What needs to be done: Transcribe the following entries word for word; no picture is to appear in the copy.

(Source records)

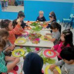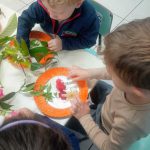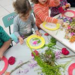 Com o circulo que pintamos na aula anterior colamos folhas e flores montando um quadro para levar para casa.
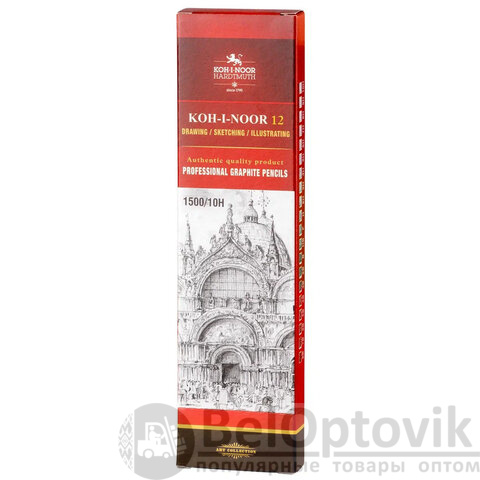 Карандаш чернографитный KOH-I-NOOR "1500", 1 шт., 10H, корпус желтый, заточенный, 150010H01170
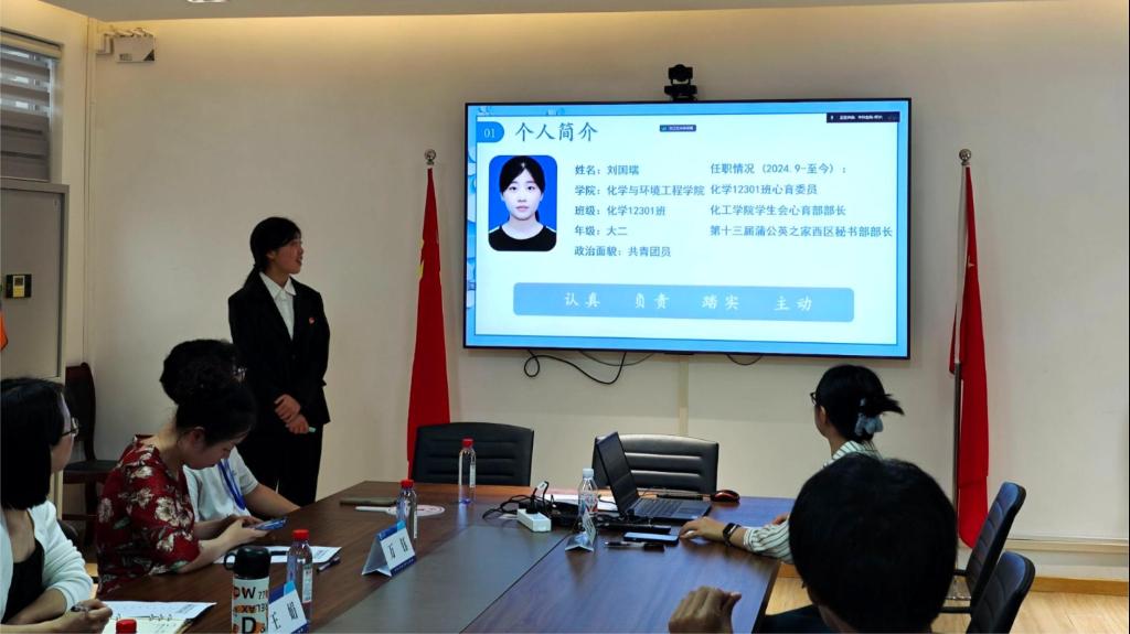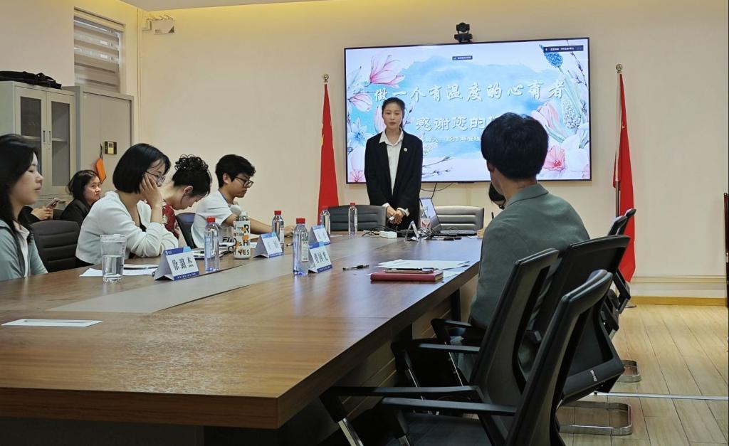“作为班级心育委员,我认真履行岗位职责,累计策划组织了30余场心理主题班会”“我致力于成为校园心理危机干预的哨兵,曾协助老师跟进了数十名重点关注同学的近况”“未来,我将不断提升个人专业素养,通过参加心理培训,持续增强风险识别与防范意识。”在4月24日的答辩现场,候选人结合5分钟的PPT展示,援引详实的案例和数据,汇报了自己的“工作成果、经验方法、未来规划”等内容,展现了我校朋辈心理辅导队伍扎实的业务能力与温暖的助人情怀。
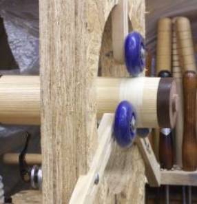 Now it is time for the steady rest. It would probably be a really good idea to put it on and get it adjusted while the piece is still firmly held between centres. Wish I had thought of it. I wrapped masking tape around the case where the steady rest wheels will ride both to protect the finish and to hold the case together once the waste with the hose clamp is cut off. I sawed through the last inch of the waste and set up my steady rest for support.
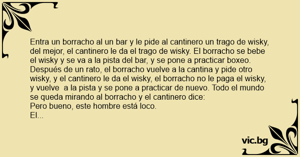 Entra un borracho al un bar y le pide al cantinero un trago de wisky, del mejor, el cantinero le da el trago de wisky. El borracho se bebe el wisky y se va a la pista del bar, y se pone a practicar boxeo. Después de un rato, el borracho vuelve a la cantina y pide otro wisky, y el cantinero le da el wisky, el borracho no le paga el wisky, y vuelve a la pista y se pone a practicar de nuevo. Todo el mundo se queda mirando al borracho y el cantinero dice:
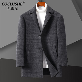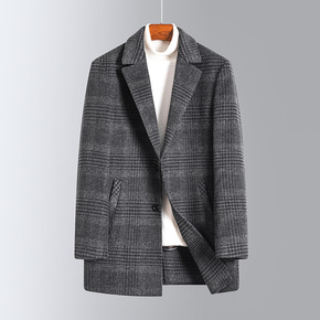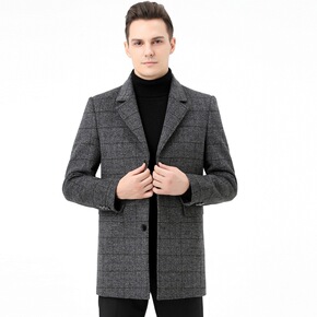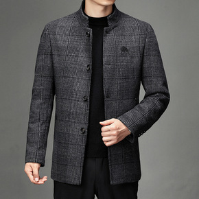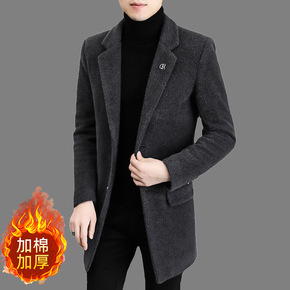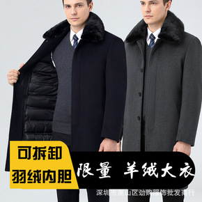 2021新款男士中长款中年羽绒内胆大衣羊毛双面呢子...
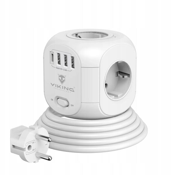 Viking Technology hosszabbító kábelszalag 1, 8 m, 4 db aljzat, fehér (8595656509172)ALLEGRO
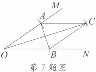 7. 新考向 尺规作图 如图,在 $\angle MON$ 的两边分别截取 $OA$,$OB$,使 $OA = OB$;分别以点 $A$,$B$ 为圆心,以 $OA$ 的长为半径作弧,两弧交于点 $C$,连接 $AC$,$BC$,$AB$,$OC$,则下列结论不一定成立的是(
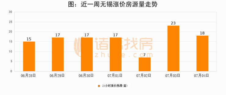 根据诸葛找房数据显示,无锡24小时涨价房源量为18套,较07月03日减少5套,环比下降21.7%。与此同时,涨价房源占比小幅回落,对于购房者来说是一个入市窗口期,购房者可抓住时机入市。
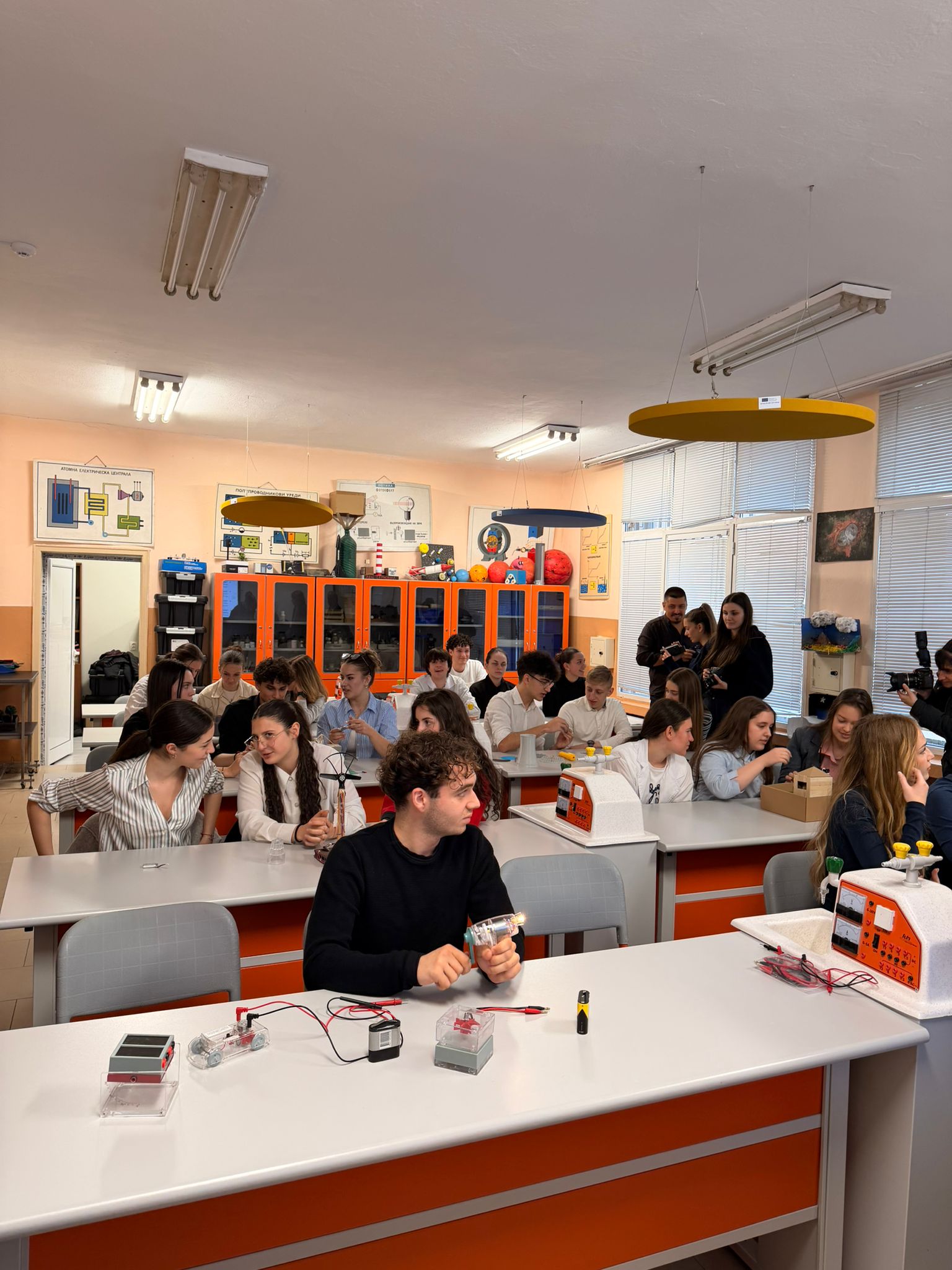 В кабинетите по природни науки са осигурени комплекти за експерименти и демонстрации, с които ученици изследват електричеството и електромагнетизма, механика, оптика, термодинамика, акустика и др.
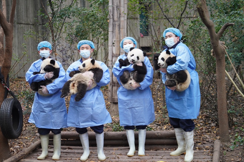 成都大熊貓繁育研究基地2021級熊貓寶寶通過網絡“云亮相”的方式,慶祝北京冬奧會圓滿舉行。 (成都大熊貓繁育研究基地供圖)

Expected output:
 Com o circulo que pintamos na aula anterior colamos folhas e flores montando um quadro para levar para casa.
 Карандаш чернографитный KOH-I-NOOR "1500", 1 шт., 10H, корпус желтый, заточенный, 150010H01170
“作为班级心育委员,我认真履行岗位职责,累计策划组织了30余场心理主题班会”“我致力于成为校园心理危机干预的哨兵,曾协助老师跟进了数十名重点关注同学的近况”“未来,我将不断提升个人专业素养,通过参加心理培训,持续增强风险识别与防范意识。”在4月24日的答辩现场,候选人结合5分钟的PPT展示,援引详实的案例和数据,汇报了自己的“工作成果、经验方法、未来规划”等内容,展现了我校朋辈心理辅导队伍扎实的业务能力与温暖的助人情怀。
 Now it is time for the steady rest. It would probably be a really good idea to put it on and get it adjusted while the piece is still firmly held between centres. Wish I had thought of it. I wrapped masking tape around the case where the steady rest wheels will ride both to protect the finish and to hold the case together once the waste with the hose clamp is cut off. I sawed through the last inch of the waste and set up my steady rest for support.
 Entra un borracho al un bar y le pide al cantinero un trago de wisky, del mejor, el cantinero le da el trago de wisky. El borracho se bebe el wisky y se va a la pista del bar, y se pone a practicar boxeo. Después de un rato, el borracho vuelve a la cantina y pide otro wisky, y el cantinero le da el wisky, el borracho no le paga el wisky, y vuelve a la pista y se pone a practicar de nuevo. Todo el mundo se queda mirando al borracho y el cantinero dice:
 2021新款男士中长款中年羽绒内胆大衣羊毛双面呢子...
 Viking Technology hosszabbító kábelszalag 1, 8 m, 4 db aljzat, fehér (8595656509172)ALLEGRO
 7. 新考向 尺规作图 如图,在 $\angle MON$ 的两边分别截取 $OA$,$OB$,使 $OA = OB$;分别以点 $A$,$B$ 为圆心,以 $OA$ 的长为半径作弧,两弧交于点 $C$,连接 $AC$,$BC$,$AB$,$OC$,则下列结论不一定成立的是(
 根据诸葛找房数据显示,无锡24小时涨价房源量为18套,较07月03日减少5套,环比下降21.7%。与此同时,涨价房源占比小幅回落,对于购房者来说是一个入市窗口期,购房者可抓住时机入市。
 В кабинетите по природни науки са осигурени комплекти за експерименти и демонстрации, с които ученици изследват електричеството и електромагнетизма, механика, оптика, термодинамика, акустика и др.
 成都大熊貓繁育研究基地2021級熊貓寶寶通過網絡“云亮相”的方式,慶祝北京冬奧會圓滿舉行。 (成都大熊貓繁育研究基地供圖)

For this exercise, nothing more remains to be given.